Так как до вас, конечно, доходили слухи о моей женитьбе и вам, быть может, неприятно, что я сам о ней ничего вам не писал, то я вам сейчас объясню в чем дело.

С Арто я познакомился весной, но у нее был всего один раз после ее бенефиса, на ужине. По возвращении ее нынешней осенью я в продолжение месяца вовсе у нее не был. Случайно встретились мы с ней на одном музыкальном вечере; она изъявила удивление, что я у нее не бываю, я обещал быть у нее, но не исполнил бы обещания (по свойственной мне тугости на новые знакомства), если бы Антон Рубинштейн, проездом бывший в Москве, не потащил меня к ней. С тех пор я чуть не каждый день стал получать от нее пригласительные записки и мало-помалу привык бывать у нее каждый день. Вскоре мы воспламенились друг к другу весьма нежными чувствами и взаимные признания немедленно засим воспоследовали. Само собой, что тут возник вопрос о законном браке, которого мы оба с ней весьма желаем и который должен совершиться летом, если ничто этому не помешает. Но в том-то и сила, что существуют некоторые препятствия. Во-первых, ее мать, которая постоянно находится при ней и имеет на свою дочь значительное влияние, противится браку, находя, что я слишком молод для дочери и, по всей вероятности, боясь, что я заставлю ее жить в России. Во-вторых, — мои друзья, и в особенности Н. Рубинштейн, употребляют самые энергические силы, дабы я не исполнил предполагаемый план женитьбы. Они говорят, что, сделавшись мужем знаменитой певицы, я буду играть весьма жалкую роль мужа своей жены, т. е. буду ездить за ней по всем углам Европы, жить на ее счет, отвыкну и не буду иметь возможности работать, словом, что когда любовь моя к ней немножко охладеет, останутся одни страдания самолюбия, отчаяние и погибель. Можно было бы предупредить возможность этого несчастия решением ее сойти со сцены и жить в России, — но она говорит, что, несмотря на всю свою любовь ко мне, она не может решиться бросить сцену, к которой привыкла и которая доставляет ей славу и деньги. В настоящее время она уже уехала петь в Варшаву, и мы остановились на том, что летом я приеду в ее имение (близ Парижа) и там решится судьба.

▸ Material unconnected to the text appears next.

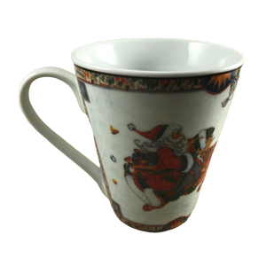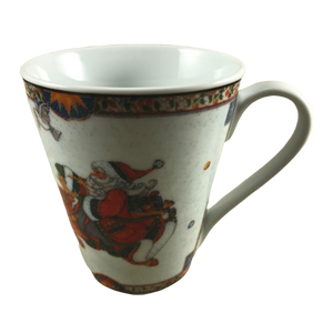 Features the same image on the front and the rear of Santa Claus riding on a reindeer.
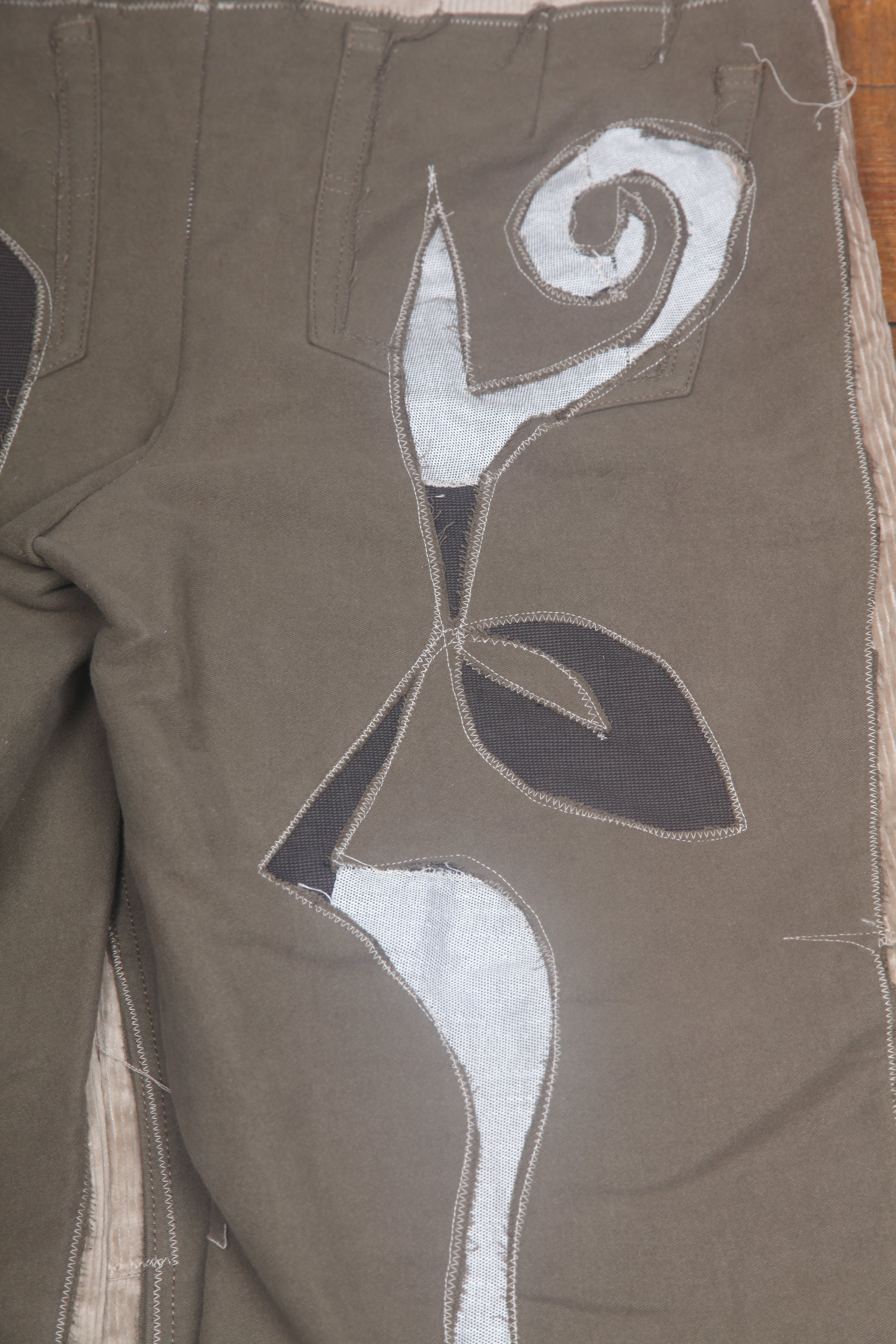 Hand crafted using second hand cotton fabrics, cargo style trousers with big pockets and unique appliqué leaf and garden designs. Khaki moleskin cotton and beige corduroy.

Подобно тому, как она не может решиться бросить сцену, я, со своей стороны, колеблюсь пожертвовать для нее своей будущностью, ибо не подлежит сомнению, что я лишусь возможности идти вперед по своей дороге, если слепо последую за ней. Итак, милый папочка, вы видите, что положение мое очень затруднительно: с одной стороны, я привязался к ней всеми силами души, и мне, кажется, невозможно прожить без нее, но, с другой стороны, холодный рассудок заставляет меня призадуматься над возможностью тех несчастий, которые рисуют мои приятели. Жду, голубчик, вашего взгляда на это дело».

Он написал это письмо на второй день Рождества, а через три дня уже читал на него ответ: престарелый Илья Петрович, пролив много радостно-грустных слез над сыном, рассуждал умилительно:

«Ты любишь, и она любит, ну, и дело в шляпе, но… ах, это проклятое но… а ведь действите-льно надо подумать, надо разобрать все, по косточкам, надо развязать этот гордиев узелок по ниточкам. Дезире, т. е. желанная, непременно должна быть прекрасна во всех отношениях, потому что мой сын Петр в нее влюбился…»

Но прежде всего — о «капитале»:

«Ты артист, она тоже артистка, оба вы снискиваете капитал из ваших талантов, только она уже снискала себе и капитал, и славу, а ты только еще начинаешь снискивать, и Бог знает, достигнешь ли того, что она имеет. Друзья-приятели сознают твой талант, но боятся, чтобы ты не потерял его с этой переменой: я против этого. Если ты ради таланта бросил коронную службу, то, конечно, не перестанешь быть артистом даже и тогда, когда на первых порах не будешь счастлив, так бывает почти со всеми музыкантами. Ты горд и тебе неприятно, что еще не приобрел настолько, чтобы содержать жену, чтобы не зависеть от ее кошелька. Да, мой друг, я понимаю тебя, это горько, неприятно, но если ты и она в одно время станете трудиться и приобретать, то вам не завидно будет».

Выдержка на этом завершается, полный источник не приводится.